Saturday, March 26, 2011
YA Fiction Rules the World
It's rare that I find a book that I really connect with. Books that change me not as a reader, or a writer, but as a person.
I was going to write a review of FAT KID RULES THE WORLD to try and get back into the flow of writing book reviews, but I can't. Because I have just finished reading it, and it has successfully blown my mind. There's nothing left. Nothing.
When I find a book that truly touches my soul, I know for a few reasons. 1) Usually I've been reading the book non-stop or nearly non-stop. 2) I cry. Always. End of story. 3) I'm always left with a profound sense of.... something.
Whenever I find a book like FAT KID RULES THE WORLD I almost always devour it in one sitting, and afterwards I'm overcome with this amazing silence. I always hold the book to my chest, usually look it over in my hands, flip through some pages, and set it down. Then I sit back, heave a sigh, and just stare.
My mind is filled with silence. Yet at the same time, I'm thinking in overdrive. About life, and people and relationships and purpose and everything I could possibly think of. It's not happiness that I feel. It's a bittersweet feeling, but it's a good one. I'm heartbroken that the story is over, and I adore the conclusion. I feel like something's been taken from me. That I've lost an important part of myself, but gained another new side. It feels like I've hacked off an arm, but it's okay because I've just grown a tail.
It's not often I feel this way. It has to be a certain kind of book to fill me with such a bittersweet feeling. The last time I felt this I believe it was because I had just finished Shiver by Maggie Stiefvater. I devoured that book, set it down, and was overcome with this amazing happiness and grief and I just started crying for no real reason.

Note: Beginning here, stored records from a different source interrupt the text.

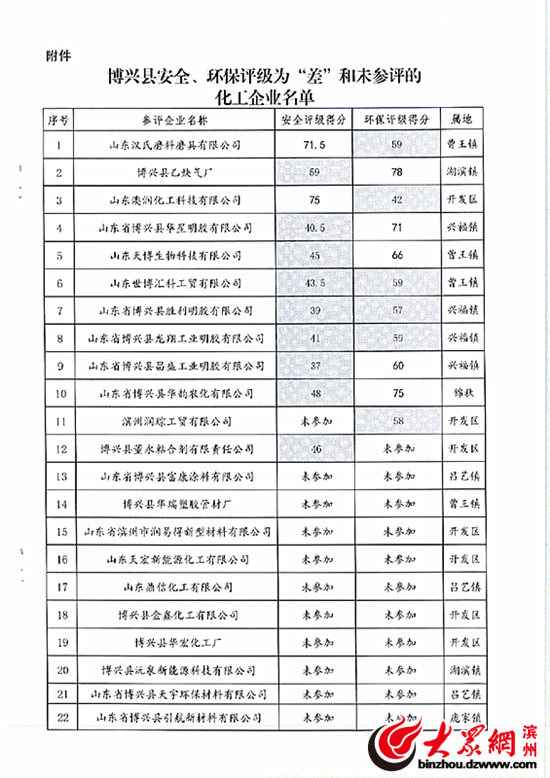 于淋凡)根據(jù)濱州市化工產(chǎn)業(yè)安全生產(chǎn)轉(zhuǎn)型升級領(lǐng)導(dǎo)小組辦公室《關(guān)于嚴(yán)格貫徹落實(shí)魯化安轉(zhuǎn)辦【2017】1號文件的通知》(濱化安轉(zhuǎn)辦【2017】1號)要求。7月初,博興縣政府決定對全縣環(huán)保、安全結(jié)果為“差”的企業(yè)和未參加“評級評價”的22家化工企業(yè)(名單附后)進(jìn)行停產(chǎn)整改。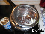 Варим на водяной бане глазурь из 100 г шоколада, 2 ст.л. сгущенки и 1 ст.л. сливочного масла.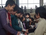 1年生から6年生に、感謝の思いをこめたプレゼントを渡しました。1年生は、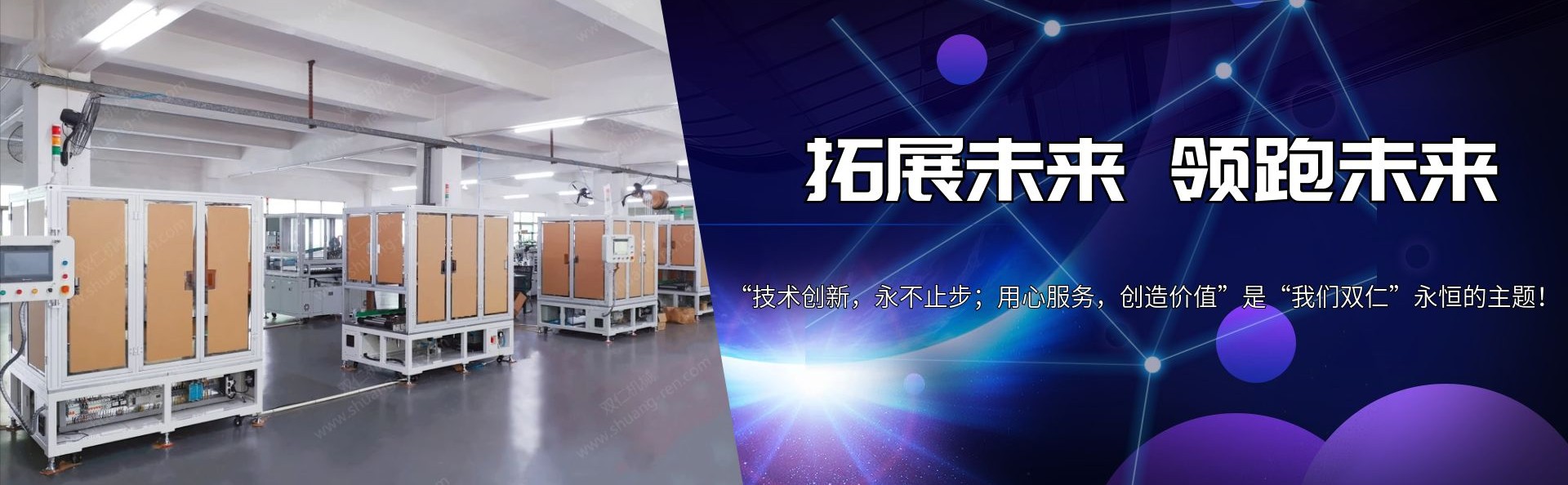 “東莞市雙(shuāng)仁機械設備(bei)科技有限公(gōng)司” 始創于2010年(nián)7月,是一家集(ji)研發、制造、服(fú)務于一體的(de)專業锂電池(chi)自動化生産(chan)設備的公司(sī)。 擁有方形鋁(lǚ)殼動力電池(chi)、軟包裝電池(chí)等系列生産(chǎn)設備的研發(fā)與制造能力(lì)。我們不僅僅(jǐn)制造設備,同(tong)時也專注于(yu)配合客戶對(duì)電池生産工(gōng)藝的改進,協(xie)助客戶提高(gāo)産品優率和(he)産能;我們的(de)團隊擁有豐(fēng)富的同行業(ye)實戰經驗,對(duì)電池生産工(gōng)序和生産設(shè)備有非常深(shēn)刻的理解;希(xi)望我們的用(yòng)心服務爲您(nín)創造更高價(jia)值! “技術創新(xin),永不止步;用(yòng)心服務,創造(zào)價值”是“我們(men)雙仁”永恒的(de)主題!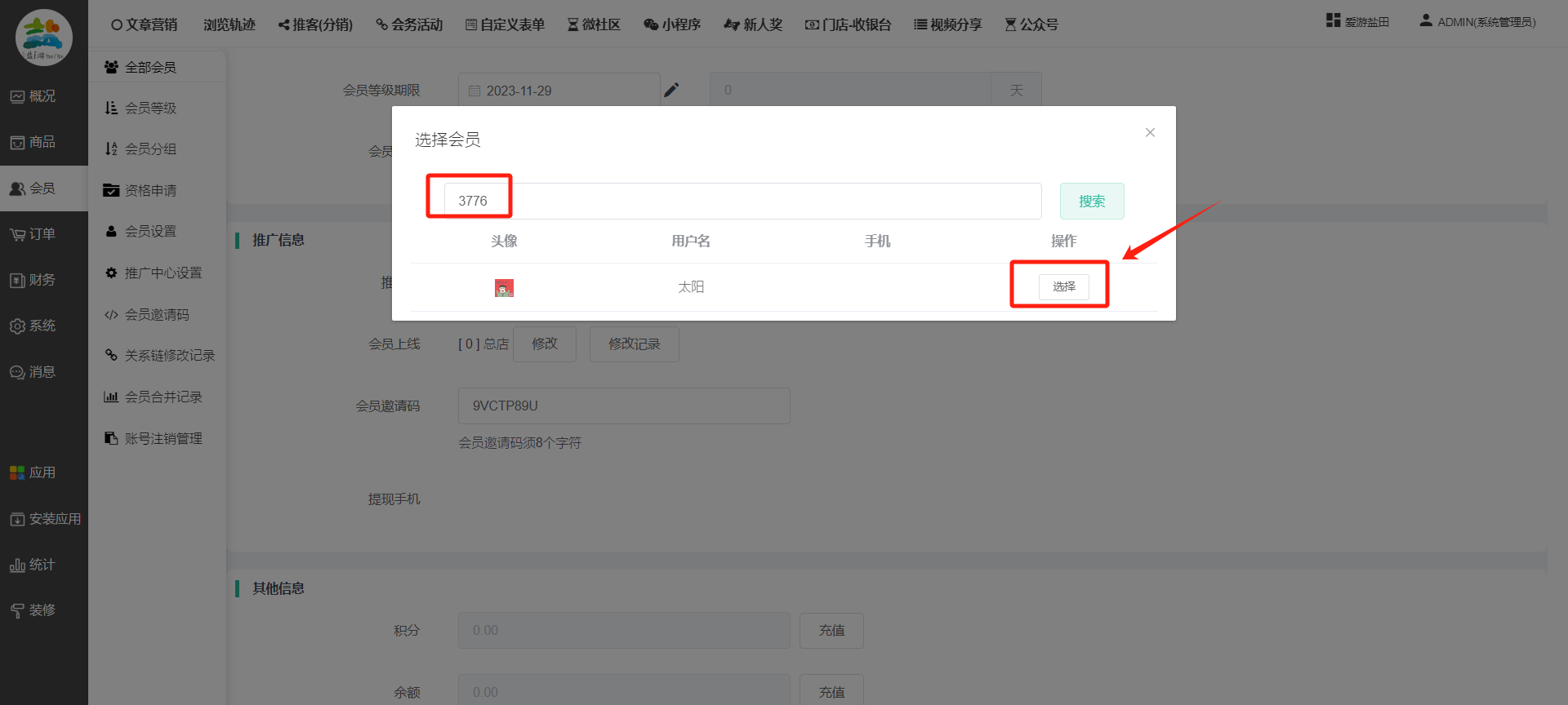 目录 搜索 展开 一、前期准备资料二、数字乡村码-上线操作指南1、服务号的申请流程及认证2、申请小程序流程3、开放平台绑定小程序和公众号三、数字乡村码-系统操作数字乡村码系统管理-概况数字乡村码-商品管理1、发布商品2、商品列表3、商品表单4、商品分类5、品牌管理6、配送模板7、评论管理8、优惠券管理9、商品标签10、退货地址设置11、满额优惠12、批量操作13、配送方式14、基础设置15、商品隐藏四、数字乡村码-会员管理1、全部会员2、会员等级3、会员分组4、资格申请5、会员设置6、推广中心设置7、会员邀请码8、会员关系链修改关系链修改记录9、会员合并记录10、账号注销管理11、会员设置中心五、数字乡村码-订单管理1、订单管理列表2、订单处理流程3、订单状态4、订单修改价格5、订单退款退货6、多包裹发货7、批量发货订单操作步骤8、催发货订单9、物流查询六、数字乡村码-财务管理1、余额设置2、会员余额3、充值记录4、转让记录5、余额明细6、收入明细7、提现设置8、提现统计9、积分管理10、转账审核11、收益广告12、批量充值七、数字乡村码-系统管理1、商城入口2、商城设置①、商城设置②、订单设置③、物流查询④、短信⑤、联系方式⑥、分类⑦、优惠券⑧、分享⑨、幻灯片⑩、广告位⑫、地图设置3、交易设置4、微信模板消息自定义消息模板(新版)自定义消息模板(旧版)小程序消息模板公众号模板消息变更公告5、语言设置6、权限管理7、多媒体管理八、数字乡村码-消息管理九、数字乡村码-应用管理十、数字乡村码系统-数据统计十一、数字乡村码-页面装修DIY1、模板管理2、店铺页面3、顶部导航4、底部导航5、DIY模板市场6、首屏广告7、基础设置8、装修DIY尺寸建议十二、供应商功能插件操作指南1、供应商2、门店-收银台门店申请和使用步骤门店管理①、门店-收银台 营销设置②、门店-收银台 分润设置门店分类门店申请门店审核门店商品门店商品订单收银台订单数据统计核销员基础设置默认设置门店装修3、微社区4、会务活动十三、营销插件操作指南活动报名提货卡新人奖微店问卷调查积分视频分享1、视频分享基础设置2、视频分享发现管理3、视频分享分类管理4、视频分享评论管理5、视频分享分红记录6、视频分享短视频中心每日红包幸运大抽奖签到优惠券二维码任务奖励优惠劵文章音频文章付费文章限时购新海报拓客卡操作流程积分活动素材中心视频红包十四、入驻门店应用类1、门店预约2、附近商品3、门店定位设置4、门店控制5、门店满额包邮6、门店满额减7、导入商品8、门店搜索9、门店股东10、核销券11、多门店核销1、商城后台设置2、前端功能演示十五、常见问题1、后台登录密码修改流程2、会员-余额,积分,后台如何进行充值与扣除3、如何修改上下级关系4、一种万能的获取商城小程序路径的方法 暂无相关搜索结果! 阅读次数:1879 本文档使用 模王系统 发布 8、会员关系链修改 8、会员关系链修改一.如何修改上下级关系?1.会员-全部会员-可以通过搜索用户的独立ID,或者用户微信昵称,找到此会员,然后点击右边的(操作)2.再点击会员详情。3.滑到下面,有个推广信息-会员上线,点击修改4.输入上级的ID号,点击搜索,出来此上级会员后点击选择。5.滑到最下面,一定要点击提交按钮。文档更新时间: 2023-11-30 14:56 作者:链上旅行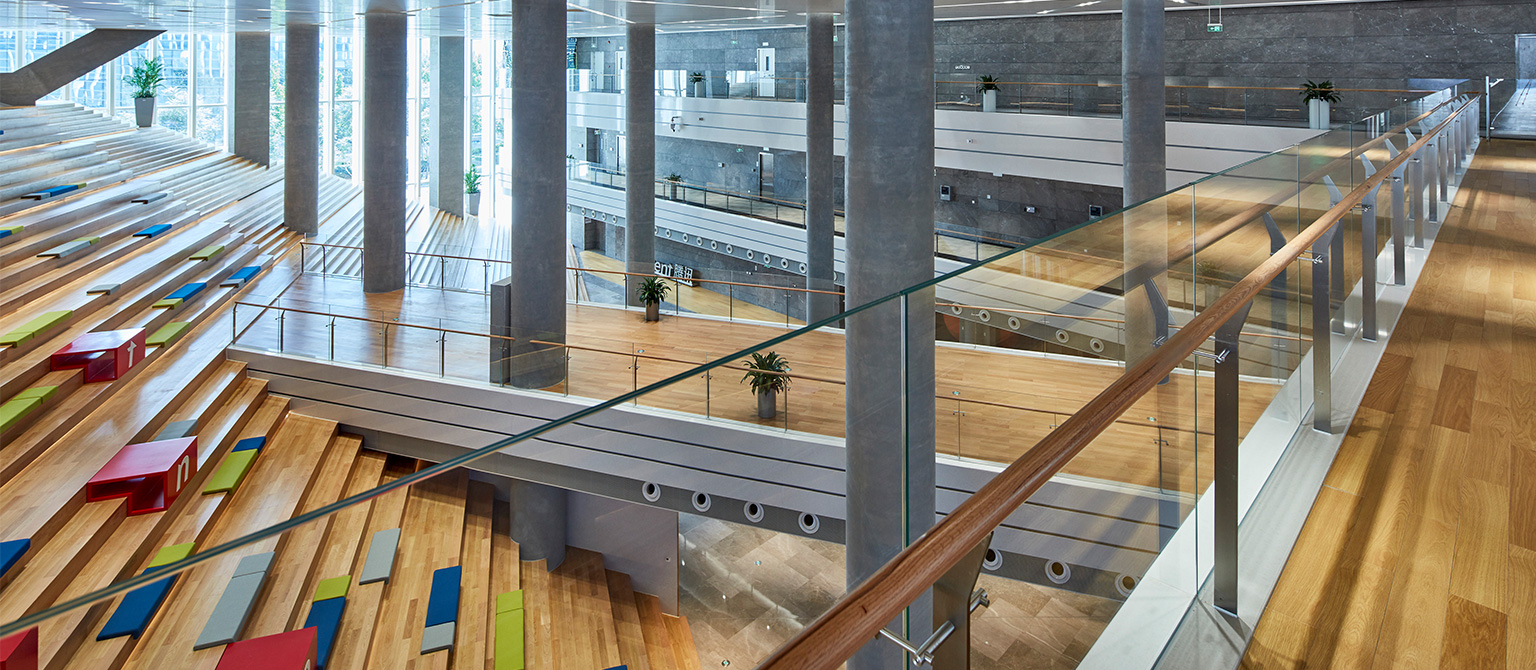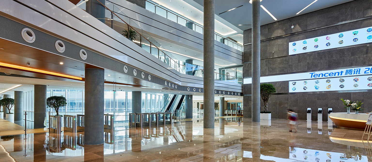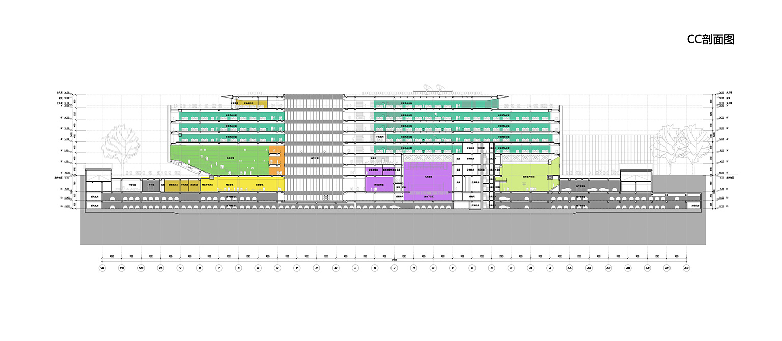 主樓地下三、二層為員工停車及設(shè)備用房;地下一層為訪客停車,后場卸貨區(qū),北側(cè)為形象店,餐廳與廚房,中區(qū)為演播功能和展廳,南區(qū)為員工運(yùn)動(dòng)設(shè)施及設(shè)備用房等。首層為員工大堂、早餐廳,中區(qū)為演播功能,南區(qū)為員工運(yùn)動(dòng)設(shè)施,西南側(cè)為公眾大堂,東南側(cè)為VIP大堂。二層為行政辦公,騰訊學(xué)院,開敞辦公室,大中小教室,多功能廳,IT機(jī)房等。三至六層為開敞辦公室。七層為總辦餐廳及總辦辦公室等。能源中心配樓地下二層為制冷機(jī)房及其配電及控制室、IT中心制冷機(jī)房等。地下一層為員工自行車停車場、消防水池、消防水泵房、空調(diào)機(jī)房、空調(diào)機(jī)房、衛(wèi)生間等。首層為鍋爐房、熱交換站、物業(yè)管理中心、柴油發(fā)電機(jī)房、10KV分界室、高壓配電室、變電室等。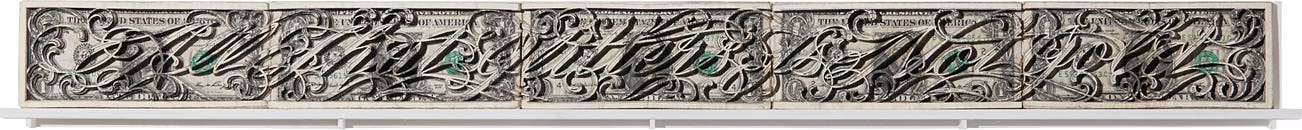 cut US currency, in 5 parts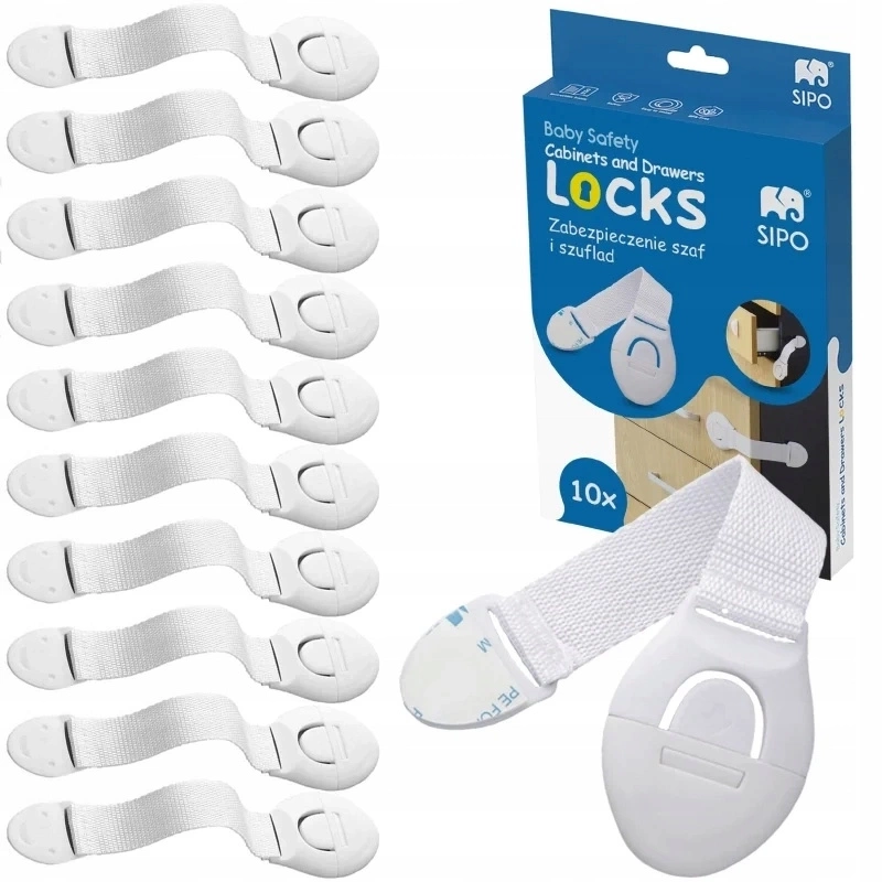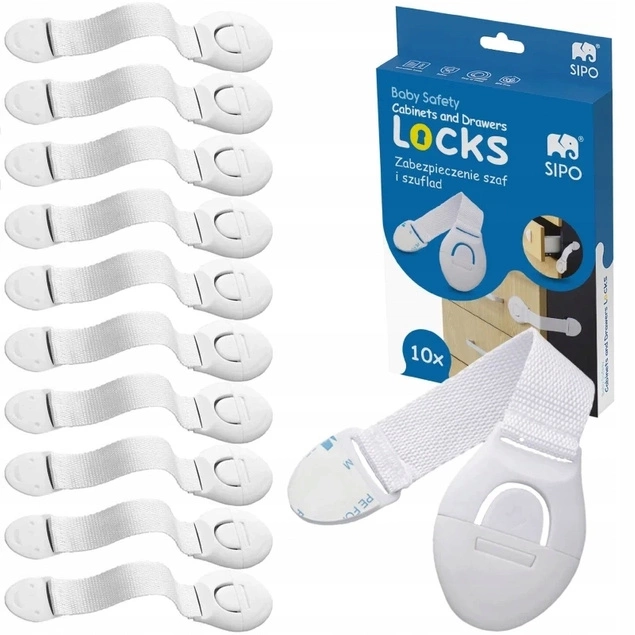 SIPO zestaw 10 sztuk zabezpieczeń szaf i szuflad na zatrzask to idealne rozwiązanie dla rodziców z małymi dziećmi, którzy chcą zadbać o ich bezpieczeństwo w domu. Zabezpieczenia te są proste w użyciu i skutecznie chronią przed przypadkowym otwarciem mebli przez dzieci. Zabezpieczenia do szafek i szuflad to praktyczne urządzenie, które zapewnia bezpieczeństwo Twojemu dziecku, uniemożliwiając mu dostęp do niebezpiecznych przedmiotów lub substancji przechowywanych w szafkach i szufladach. Blokada jest naklejana na powierzchnię mebla za pomocą dostarczonej taśmy klejącej. Aby otworzyć szafkę lub szufladę, należy odpowiednio nacisnąć element odblokowujący znajdujący się na zabezpieczaniu. Dzięki temu blokada jest trudna do odblokowania przez dziecko, a jednocześnie łatwa w użyciu dla dorosłych. Łatwe w montażu blokady posiadają dołączoną taśmę 3M dzięki której w łatwy sposób zamocujesz swoje blokady tam gdzie tylko jest to wymagane. Zabezpieczenia można łatwo otworzyć i zamknąć jedną ręką, co ułatwia ich użytkowanie.

It's not just books that do this to me. The season five finale of Supernatural left me in a similar state (WHO CAN REALLY BLAME ME?)
Curt MacCrae from FAT KID RULES THE WORLD is the first character I've ever felt I've befriended. I've read a lot of books, but near the climax of this novel, I started crying. K.L. Going made me feel like I was there with Troy and Curt, and never in my life has a book ever struck me like that.
THIS is why I read. THIS is why I write. I don't do it just for entertainment, or escapism, or as a job or as a love affair even though they're all parts of what I love about stories. I read and I write because I'm forever searching for that elusive, bittersweet feeling when I put down a book and am overcome with a profound silence that I know is changing me even though I can't begin to imagine how yet.
I write because I'm searching to create this feeling. To share it. To connect with someone I may never see, or speak to, or know. I write because somewhere in my future a kid will be holding a copy of my book, just as I'm holding FAT KID RULES THE WORLD, and say "Thank you."
I read because I'm ever searching for that feeling. Like a drug addict searching for pills in the couch cushions. It makes me feel alive, and more importantly, it makes me feel connected to everyone around me.
So no, this isn't a book review of FAT KID RULES THE WORLD. But read it anyway. And maybe it will connect with you and maybe it won't. Maybe you'll connect with the lonely voice of Holden Caufield or the stubbornness of Katniss Everdeen. That's what's great about writing; it's all personal. It's all about you.
And for every single person who ever looked down their nose at YA fiction, who said it wasn't "real" writing, who looked at someone with a YA book in their hand and said, "aren't you a little old to be reading that?" I'd like to take a number from Curt's book and say, fuck off. If you look down on YA fiction, it's because you're too closed minded to see just how amazing it can be.